Available data
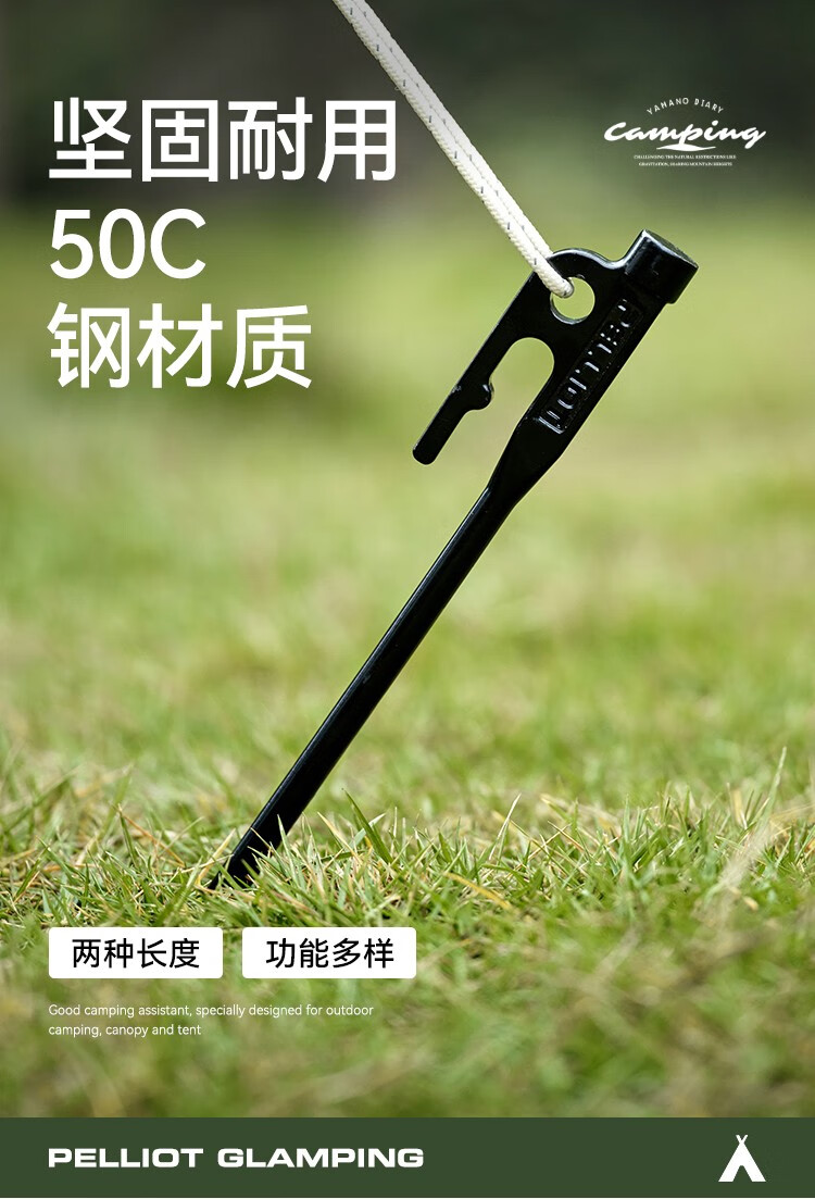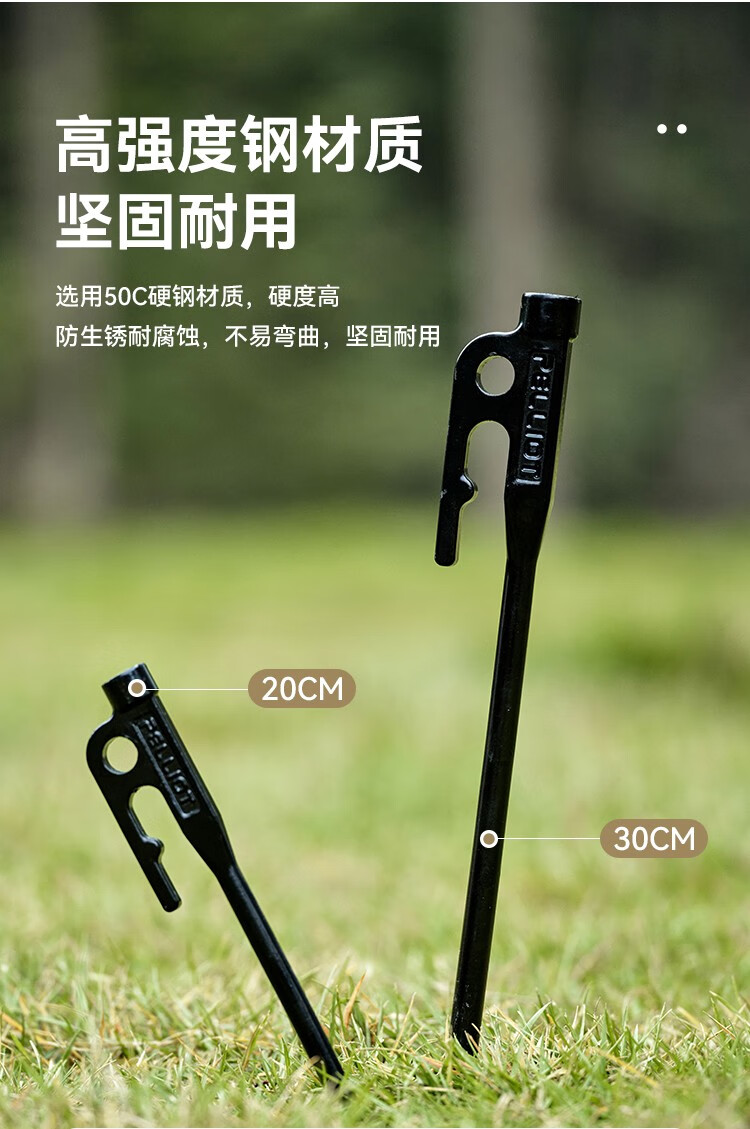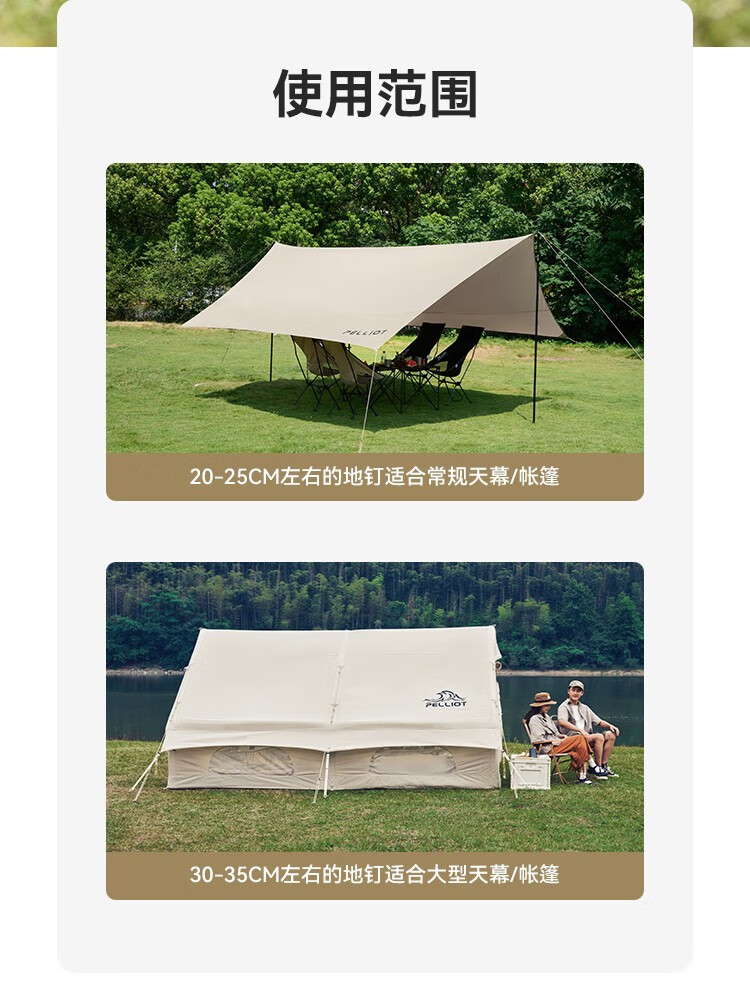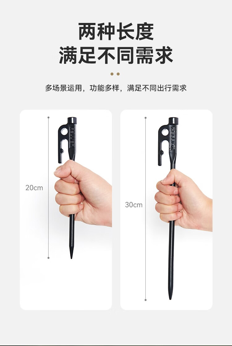 伯希和(Pelliot)户外露营帐篷地钉天幕地钉防风钉子风绳套装地插营钉【单只装】 20CM曜石黑【单只装】
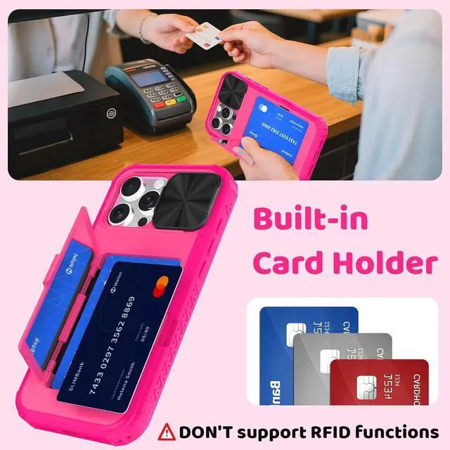 (Note: DON'T support wireless charging & RFID functions)Built-In Wallet with Card StorageNever worry about carrying a separate wallet again! This iPhone 16 Pro case features a hidden back compartment that securely holds up to 2 cards (credit cards IDs or cash). The Buckle closure ensures your cards stay in place while allowing quick access whenever needed. Built-in Makeup MirrorDesigned with busy women in mind this case includes a sleek high-quality mirror discreetly embedded in the back panel. Whether you're freshening up your makeup checking your appearance or fixing your lipstick the mirror provides instant convenience without the need to dig through your bag. Slide Camera Cover for Ultimate Lens Protection Keep your iPhone 16 Pros advanced camera system safe from scratches dust and fingerprints with the innovative sliding lens cover. Simply slide the cover open when taking photos and close it afterward for full protection. The smooth mechanism ensures effortless operation while preserving your cameras clarity. Convertible Stand for Hands-Free ViewingNeed to watch videos make video calls or follow recipes? The back panel fully opens and folds into a stable stand offering the perfect viewing angle for media FaceTime or even selfies.
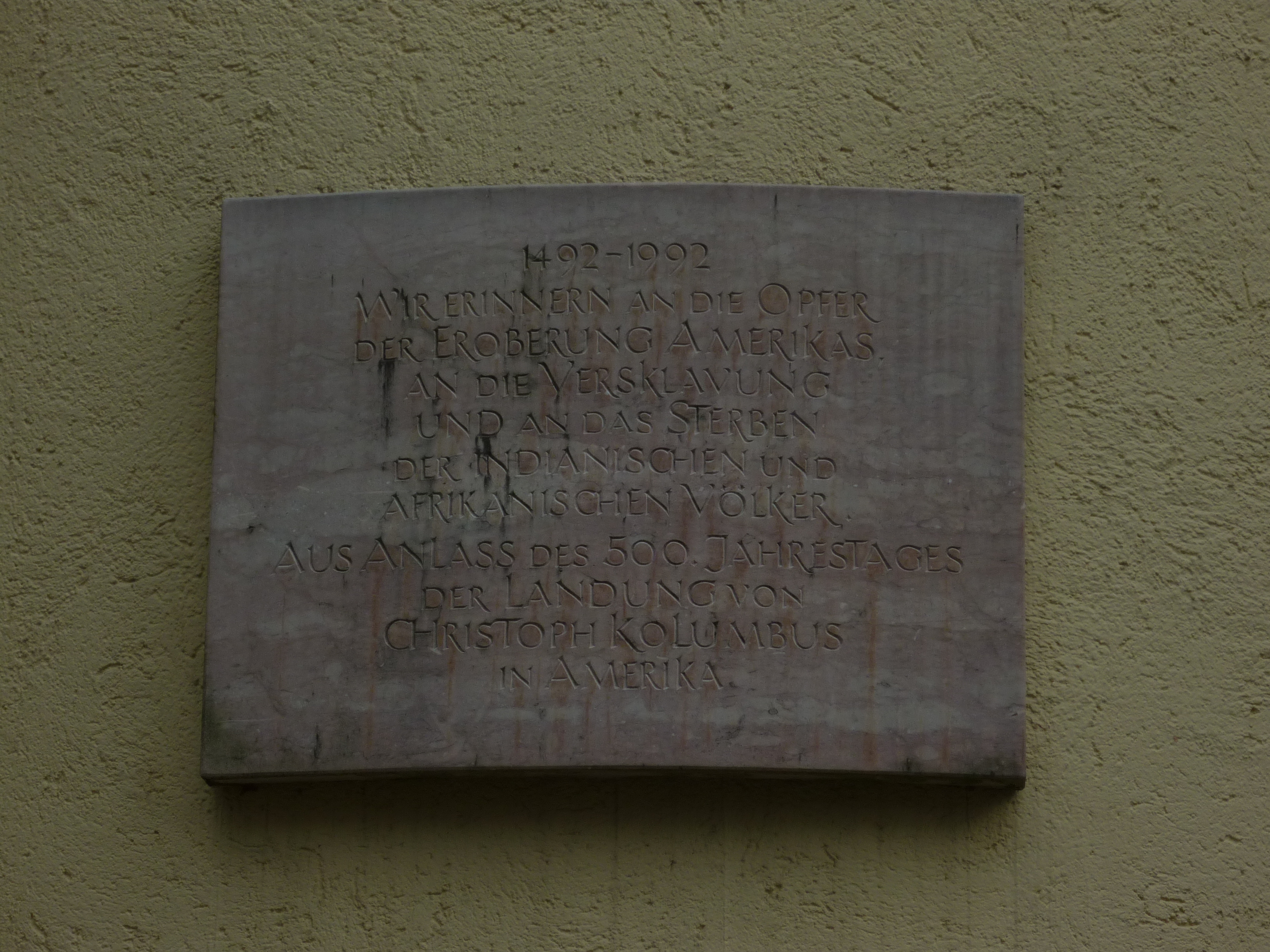 Gedenktafel zur Erinnerung an 500 Jahre Kolonialismus

Your objective
A verbatim copy of the data, pictures removed, is the expected result.

Expected answer
 伯希和(Pelliot)户外露营帐篷地钉天幕地钉防风钉子风绳套装地插营钉【单只装】 20CM曜石黑【单只装】
 (Note: DON'T support wireless charging & RFID functions)Built-In Wallet with Card StorageNever worry about carrying a separate wallet again! This iPhone 16 Pro case features a hidden back compartment that securely holds up to 2 cards (credit cards IDs or cash). The Buckle closure ensures your cards stay in place while allowing quick access whenever needed. Built-in Makeup MirrorDesigned with busy women in mind this case includes a sleek high-quality mirror discreetly embedded in the back panel. Whether you're freshening up your makeup checking your appearance or fixing your lipstick the mirror provides instant convenience without the need to dig through your bag. Slide Camera Cover for Ultimate Lens Protection Keep your iPhone 16 Pros advanced camera system safe from scratches dust and fingerprints with the innovative sliding lens cover. Simply slide the cover open when taking photos and close it afterward for full protection. The smooth mechanism ensures effortless operation while preserving your cameras clarity. Convertible Stand for Hands-Free ViewingNeed to watch videos make video calls or follow recipes? The back panel fully opens and folds into a stable stand offering the perfect viewing angle for media FaceTime or even selfies.
 Gedenktafel zur Erinnerung an 500 Jahre Kolonialismus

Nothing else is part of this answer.